More than 600 people gathered at the Utah State Capitol in Salt Lake City on Saturday May 23 to demand a halt to the Stratos Project, a proposed 40,000-acre AI data center campus in Box Elder County backed by Canadian entrepreneur and Shark Tank investor Kevin O’Leary. The protest is the largest organised community action against a single data center development in the United States this year, and it came three weeks after Box Elder County commissioners unanimously approved the project despite widespread public opposition at the approval meeting.
The rally drew residents from across the state, with attendees travelling from the Idaho-Utah border south to Payson. A Deseret News-Hinckley Institute of Politics poll taken after the approval found a majority of Utah voters oppose the project. Speakers included House Minority Leader Angela Romero, activists, and Shannon Barton, a Brigham City resident who formed the Box Elder Accountability Referendum (BEAR) specifically to put the project to a public vote. Barton said she left the county commission meeting “devastated” after commissioners cut off public comment when the crowd became unruly before casting their unanimous approval vote.
What the Stratos Project Is and Why It Has Generated Such Opposition
The Stratos Project is a proposed AI data center campus in Hansel Valley in northern Utah’s Box Elder County, sitting just north of the Great Salt Lake. At full buildout, developers say the campus will occupy approximately 10,000 to 13,000 acres of the 40,000 acres under consideration, with a dedicated on-site power plant to keep the project off the local grid. Investors including O’Leary have put $20 million into the project so far. At full buildout, the total investment will likely exceed $100 billion, with the first gigawatt of data center capacity coming online within two years if construction proceeds on schedule.
Utah’s Military Installation Development Authority, a body the state legislature created to develop land supporting defence-related infrastructure, backs the project. Proponents argue the campus will deliver $30 million annually in new revenues to Box Elder County in its initial phases, rising to $108 million at full buildout, and that expanding US computing capacity serves a national security priority.
What Protesters Are Actually Objecting To
The objections raised at Saturday’s rally were specific and consistent. Water is the primary concern. Box Elder County sits in one of the most water-stressed regions of an already water-stressed state, and the Great Salt Lake is already at historically low levels. Critics argue the cooling systems required for a data center campus of this scale will consume water that northern Utah cannot spare, and that the environmental review process did not adequately model that consumption.
Chants including “you can’t drink data” and “protect the water, the air, the land” reflected the rally’s core argument that the economic benefits claimed by developers do not justify the environmental risks in a region where water availability is already a generational crisis. Protesters also cited concerns about air quality from the on-site power plant, noise from facility operations, and the speed at which the project moved through the approval process without adequate public input.
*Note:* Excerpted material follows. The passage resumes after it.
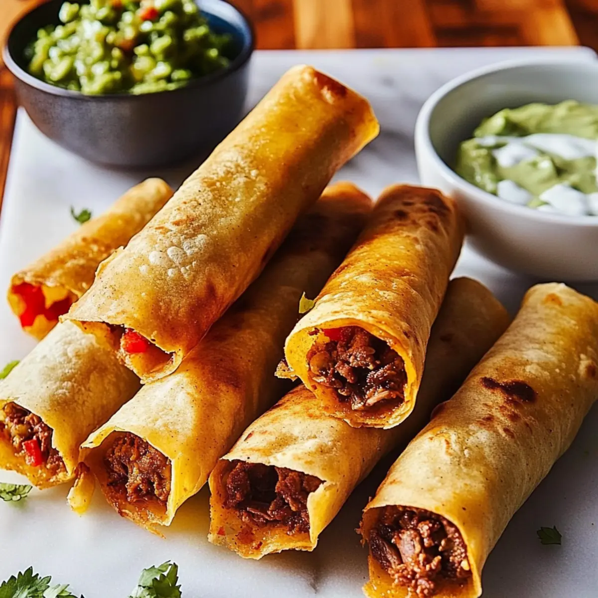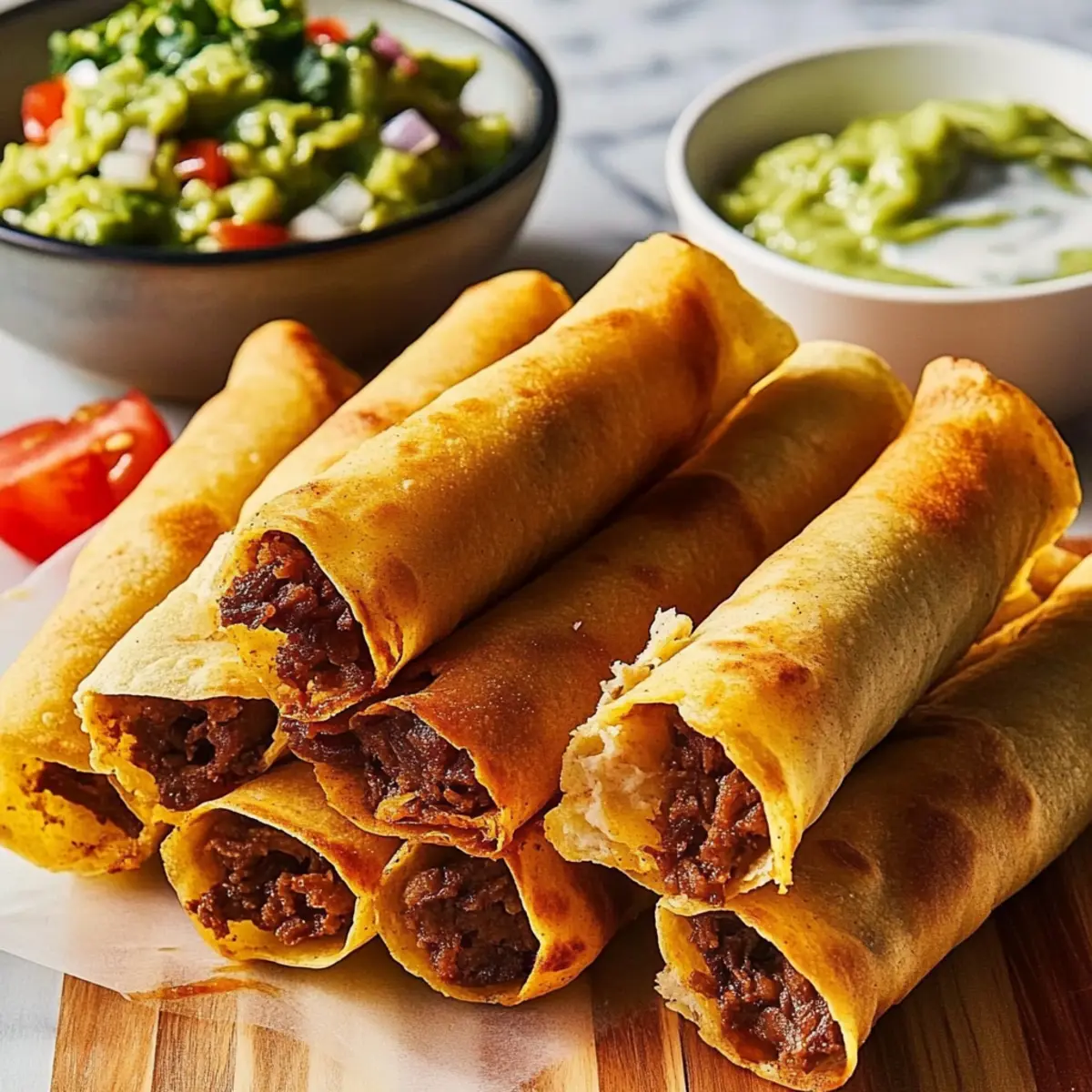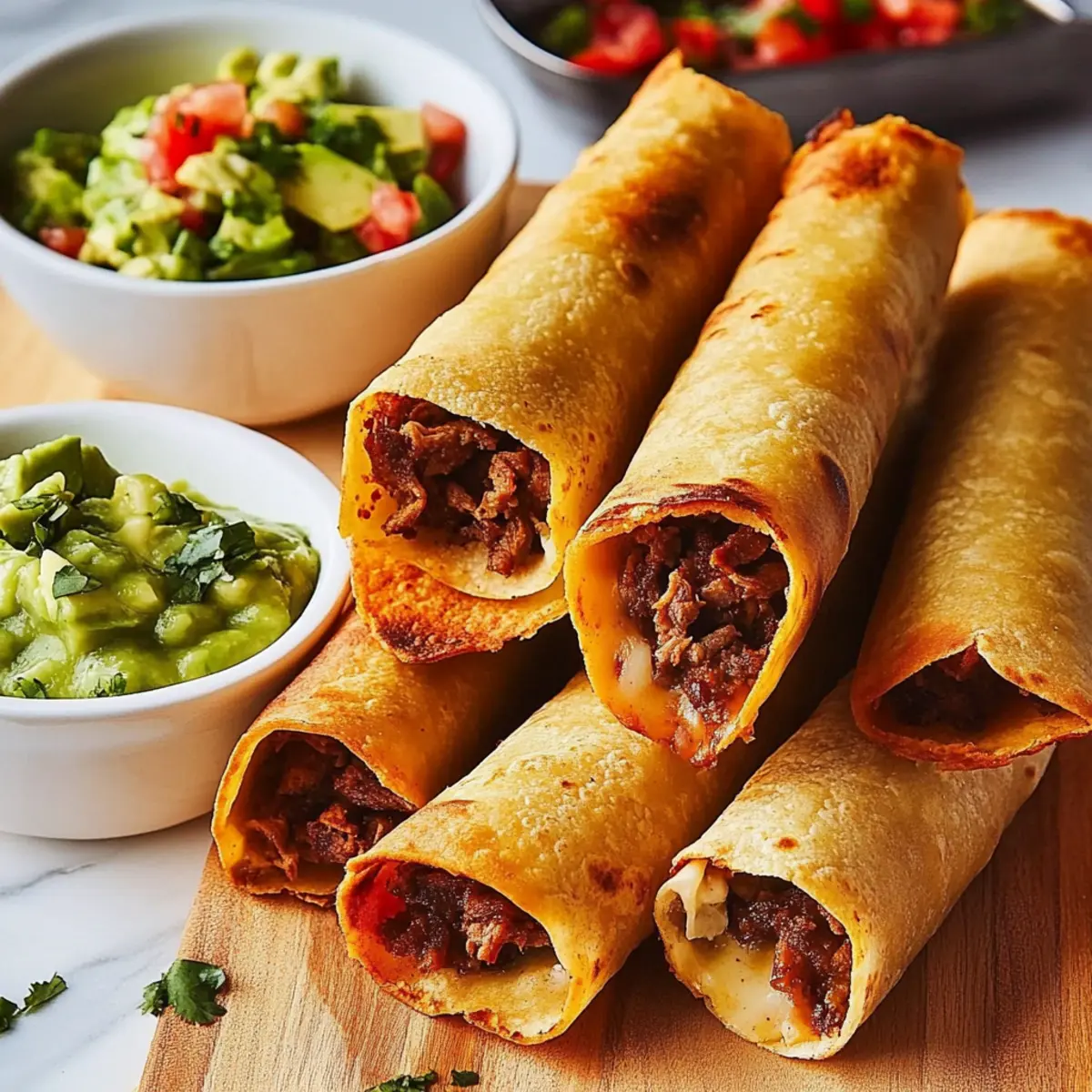 You know that feeling when you’re craving something crispy and comforting, but all that’s in the freezer are sad, bland taquitos? Well, it’s time to take back your snack game with my homemade Beef Taquitos. These delightful rolls are not only packed with a savory beef filling but also offer the option to be baked or fried to perfection, giving you that satisfying crunch you crave. They’re a breeze to whip up, making them the ideal choice for a quick dinner or last-minute snack. Plus, you can make a batch ahead of time and freeze them for those days when fast food seems too tempting. Will you stick with store-bought or dive into this flavorful adventure? Let’s get cooking! Why Make Beef Taquitos at Home? Irresistible flavor: Each taquito is filled with perfectly seasoned beef, ensuring delightful bites every time. Crispy texture: Bake or fry to your preference for a satisfying crunch that elevates any meal or snack time. Quick and easy: This recipe requires minimal ingredients and can be ready in no time, making it perfect for busy weeknights. Make-ahead magic: Prep and freeze a batch, so you can enjoy fresh taquitos anytime you want—perfectly convenient! Endless customization: From spicy jalapeños to different cheeses, you can tailor these to satisfy every craving. Crowd-pleaser: Serve these at parties or game days, and watch them disappear—everyone loves a good taquito! Beef Taquitos Ingredients Here’s everything you’ll need to create these mouthwatering beef taquitos at home, from the savory filling to the crispy exterior. For the Filling Ground Beef (90% Lean) – The main protein source that keeps these beef taquitos hearty and satisfying. Small Yellow Onion – Adds sweetness and depth to the savory filling. Cloves Garlic – Provides aromatic depth; feel free to use garlic powder if you’re in a pinch. Finely Chopped Pickled Jalapeños – Brings a zesty kick; fresh jalapeños are a great alternative for those who like it spicy. Kosher Salt – Enhances overall flavor; sea salt works as a perfect substitute. Tomato Paste – Adds umami richness to the beef; caramelize it for an extra punch of flavor. Taco Seasoning – Infuses the beef with a delightful blend of spices; you can easily make your own. For the Cheese Cheddar Cheese – Melts beautifully, taking the filling to another level. Pepper Jack Cheese – Adds a creamy, zesty flavor; swap it for mozzarella if you prefer something milder. For Assembly Small Corn Tortillas – The perfect vessel for your filling; warm them up for easy rolling. All-Purpose Flour – Acts as a “glue” for sealing your taquitos to keep all the deliciousness inside. For Serving Sour Cream – Adds a creamy, tangy element that complements the taquitos beautifully; Greek yogurt is a great substitute. Fresh Lime Juice – Brightens up the flavors; use in both the filling and dipping sauce. Chopped Fresh Cilantro – A fresh garnish that elevates the dish with a burst of flavor. Store-Bought or Homemade Guacamole and Pico de Gallo – These condiments not only enhance the dish but make serving a feast of flavors! These ingredients will help you create unforgettable beef taquitos that are crispy and packed with flavor, perfect for sharing or a cozy night in. Step‑by‑Step Instructions for Beef Taquitos Step 1: Sauté the Aromatics In a large skillet, heat a couple of tablespoons of neutral oil over medium heat. Add a finely chopped small yellow onion and 2 tablespoons of finely chopped pickled jalapeños, cooking until the onion is softened and translucent, about 4-5 minutes. Stir in 2 cloves of minced garlic, cooking for an additional minute until fragrant. This mixture creates a flavor-packed base for your beef filling. Step 2: Brown the Beef Add 1 pound of ground beef (90% lean) to the skillet, breaking it up with a spatula. Sprinkle in 1 packet of taco seasoning and 2 tablespoons of tomato paste, cooking until the beef is browned and no longer pink, about 6-8 minutes. Stir frequently to ensure even cooking, and allow the mixture to thicken slightly as the tomato paste caramelizes, giving your Beef Taquitos a rich flavor. Step 3: Cool the Filling Once the beef filling is cooked through, remove it from heat and let it cool slightly in the skillet for about 5 minutes. This cooling period helps firm up the filling, making it easier to roll into the tortillas. Meanwhile, combine 1 cup each of shredded cheddar and pepper jack cheese in a bowl, setting it aside for assembly. Step 4: Prepare the Tortillas Warm 10 small corn tortillas by wrapping them in a damp towel and microwaving for 30-45 seconds, or until soft and pliable. This step is crucial for preventing the tortillas from cracking when you roll your Beef Taquitos. Once warmed, keep them covered to retain moisture until you’re ready to fill them. Step 5: Assemble the Taquitos For each tortilla, add 2-3 tablespoons of the beef filling and a sprinkle of the cheese mixture. Roll the tortilla tightly, tucking in the sides as you go, and seal the edges using a flour-lime paste made from 1 tablespoon of flour mixed with lime juice. Repeat this process until all tortillas are filled and rolled, laying them seam-side down on a baking sheet. Step 6: Cook the Taquitos To achieve that crispy texture, preheat your oven to 400°F for baking or heat oil in a deep skillet for frying. If baking, brush the tops of the Beef Taquitos with oil and bake for 20-25 minutes, or until golden and crispy, turning halfway through. For frying, gently place taquitos in hot oil and cook for about 4-5 minutes, until they are golden brown all over. Step 7: Prepare the Dipping Sauce While your taquitos are cooking, mix together 1 cup of sour cream with a tablespoon of fresh lime juice and 2 tablespoons of chopped fresh cilantro in a small bowl. Season with a pinch of salt to taste. This creamy cilantro-lime crema is the perfect dip to enhance your homemade Beef Taquitos. Step 8: Serve and Enjoy Carefully r

O’Leary responded to the protest by claiming in a video posted to X that most protesters were bused in from out of state and that many online critics were paid. Protesters at the Capitol explicitly disputed that characterisation, with multiple speakers identifying themselves as Box Elder County and Utah residents who attended on their own initiative.
What Comes Next
Shannon Barton’s Box Elder Accountability Referendum organisation is pursuing a mechanism to put the project to a popular vote in November. A state bill proposed by Representative Doug Owens would require a study of the environmental impacts of data centers in Utah before further approvals can proceed. House Minority Leader Romero said at the rally that a study alone is insufficient.
The project still faces a lengthy permitting process. Utah state officials have confirmed the Stratos Project remains subject to standard public review processes and that county approval does not bypass state-level environmental review. Developers have said they hope to begin early site preparation work in the autumn.
The Stratos Project has become the most visible flashpoint in the national debate over AI data center development and community opposition. Why AI data centers keep getting denied permits found that the gap between what data center developers promise and what communities experience fuels opposition movements like the one that filled the Utah Capitol steps on Saturday.